Fun means not being stuffy, allowing people to be themselves and to bring their own contribution. Fun means allowing people to share things that have made them laugh without being frowned on. Fun is about letting people tell stories or anecdotes that lighten the mood (just know when to say, 'Right, back to business'). Fun means being flexible enough to allow other suggestions as to where and how you all meet. Perhaps your organization has a great boardroom - could you meet there? Or outside if the weather is good.

The confident manager - that's you - can be flexible because they are relaxed and cool and confident- The stuffy manager is frightened because they feel insecure and seek a rigid approach to prop up their lack of self-confidence.

6. Make your team better than you

"It is one of the strange ironies of this strange life [that] those who work the hardest, who subject themselves to the strictest discipline, who give up certain pleasurable things in order to achieve a goal, are the happiest people." Brutus Hamilton, decathlon coach

A really good manager, yep that's you again, knows that when their team takes wing and soars, they too will soar. Getting your team to soar takes courage, grit, determination and an overwhelming passion. You have to make members of your team better than you, which means trusting them, getting them the best resources, training them to take over from you, trusting them not to stab you in the back when it's time to take over from you and being confident enough in your own abilities not to be jealous of them when they do take off. Tall order.

It takes quite some manager to carry this one out. You have to be pretty relaxed and secure in your own position. Encouraging your team to bring it on takes guts, quite frankly.

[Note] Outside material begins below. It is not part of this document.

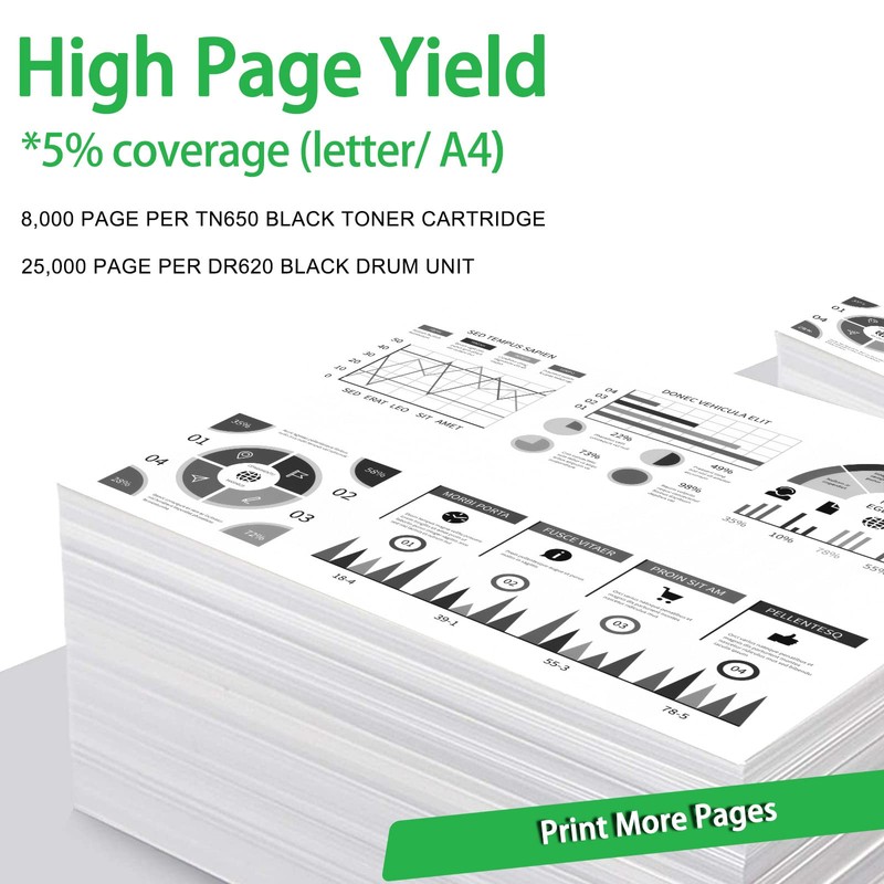 - Page Yield: Up to 8,000 pages per TN650 black toner cartridge / 25,000 pages per DR620 drum unit (based on 5% coverage of Letter size Paper). Actual toner yield varies with usage, graphics printed and environmental conditions.

Let's take a look at your team. Who've you got there? Which ones will one day fill your shoes? What can you share with them to bring them on?

Shoe-fillers are the ones you want to cultivate and grow. They are the bright ones, the keen ones, the eager beavers. I once had a young assistant who was so sharp he scared me. But when I did move on up, he filled my shoes. And he came with me over several moves, always one step behind. Now the crazy thing was he was better than me in lots of ways but he never chanced his arm and overtook me. It could have been out of respect but 1 doubt it - the industry I worked in was a little cut-throat to say the least. No, it was habit. And once you've built a good team it gets in the habit of having you as the manager and then it feels comfortable with that and doesn't mutiny or overtake you. Teams only do that when they feel resentful or mistrusted. So bring 'em on and train 'em up and make 'em better.